Fat products need to be kept in limitation, however they should still be involved in the diet, what Clover needs to be aware of is that she should not consume the dangerous fats which can put her health at risk; this includes of processed foods, therefore for a healthy amount of fat in her diet, she should eat polyunsaturated and monounsaturated fats such as olive oil etc.
Overall this ‘shopping list’ which I have put together consists of enough items required for following the diet routine which I have constructed for Clover. So the basic aim for whenever Clover goes on her weekly shopping trip is that she should get enough items which would fit in with the seven food groups, to get an efficient source of nutrients her shopping should consist of a wide variety, Clover should attempt to buy different types of foods in order to receive all required nutrients, it would also give her a good opportunity to get familiar with healthy foods making it easier for her to shop. Clover should keep unhealthy processed foods, salty and sugary food to a minimum. Hopefully by giving Clover this shopping list it will give her a good idea on what to buy so therefore she will feel confident when she shops, for her diet plan.
Diet Support Groups
In order to provide Clover with support and information on how to lose weight, I have arranged for twice/three weekly visits to the nearest Weight Watchers group for her. The group will provide Clover with a good source of support/encouragement with her new diet plan, they will encourage her to stick to the health improvement plan, and also do other activities as well as exercises which can help increase the affects of weight loss.

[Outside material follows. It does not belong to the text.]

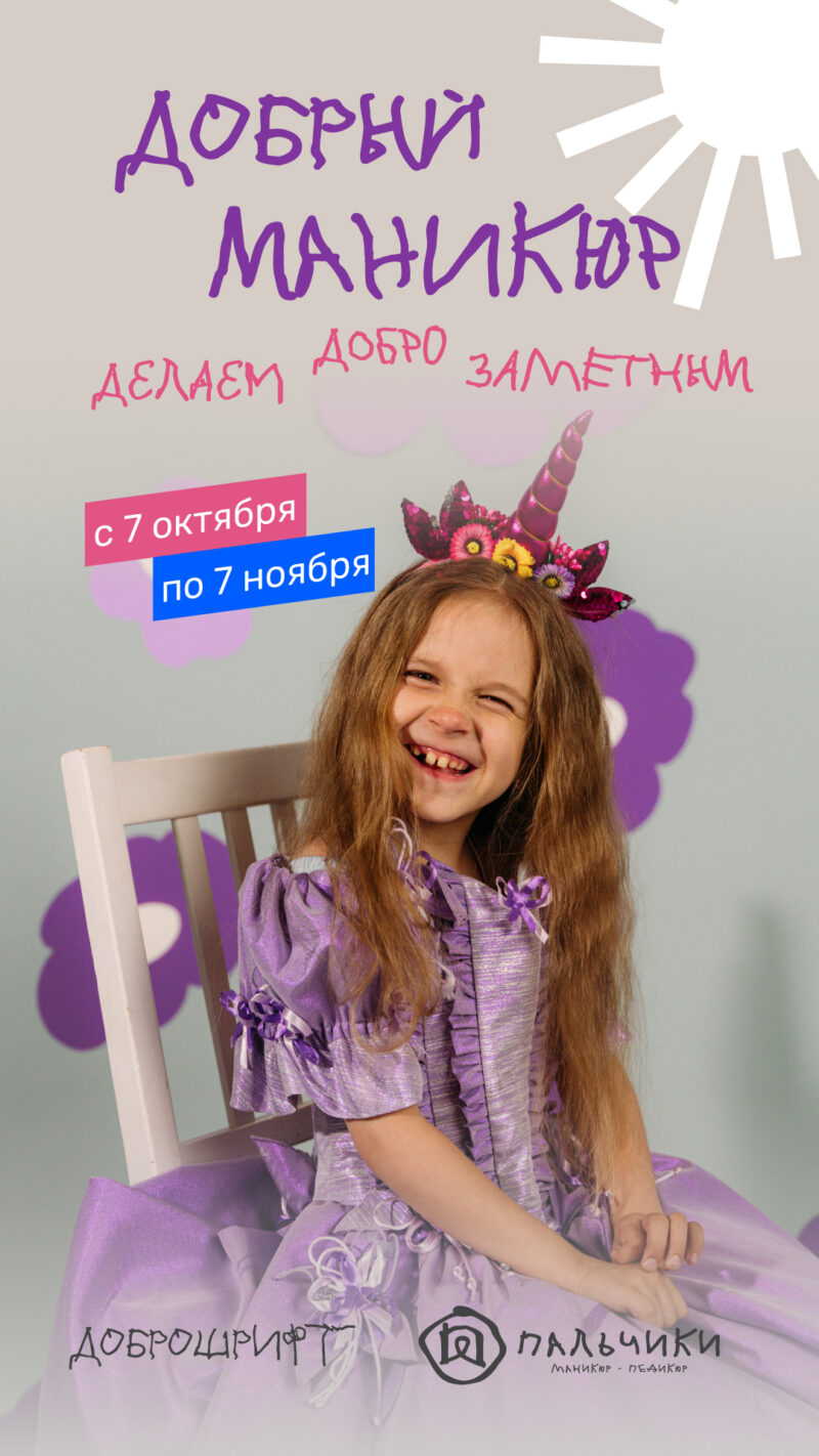 За 6 лет Доброшрифт уже помог более 10 000 детей, а неровные буквы стали символом солидарности, объединив бренды, людей и инфлюенсеров. В этом месяце в знак поддержки сеть салонов «Пальчики» поменяли свою привычную коммуникацию на Доброшрифт и приглашаетвас тоже поддержать проект.

this group is most of the time a very successful way in reducing weight, it has friendly members which would help Clover follow her target step by step in a convenient way, they will encourage Clover to follow the new diet plan for her health benefits, also the group will provide her with a good source of support with her new diet plan, assisting her in successfully sticking to the health improvement plan. Clover will be provided with her individual instructor who will keep track on her weight, and provide useful tips for her to be able to lose a significant amount of weight, this is a good way for Clover to measure her weight, and to be up to date with her progress, therefore she will be able to see how and what is working for her in reducing weight; also she will know how much effort she requires putting in towards the new diet plan. I am aware that Clover may feel ashamed in attending the meetings therefore I advise her to go on her first visit accompanied with a close friend being either Sam or Alex, or even with a family member (mother, sister).
Hopefully if Clover follows this Health Improvement Plan as per my instructions then she will definitely improve her health and lose weight, however she has to stay motivated to the plan and avoid slacking half way through it. Clover should make efforts with the diet plan, exercising programmes and even the weight watchers support group. She must do what the daily plans list for her, that is the only way that she can make beneficial changes towards her health and lifestyle.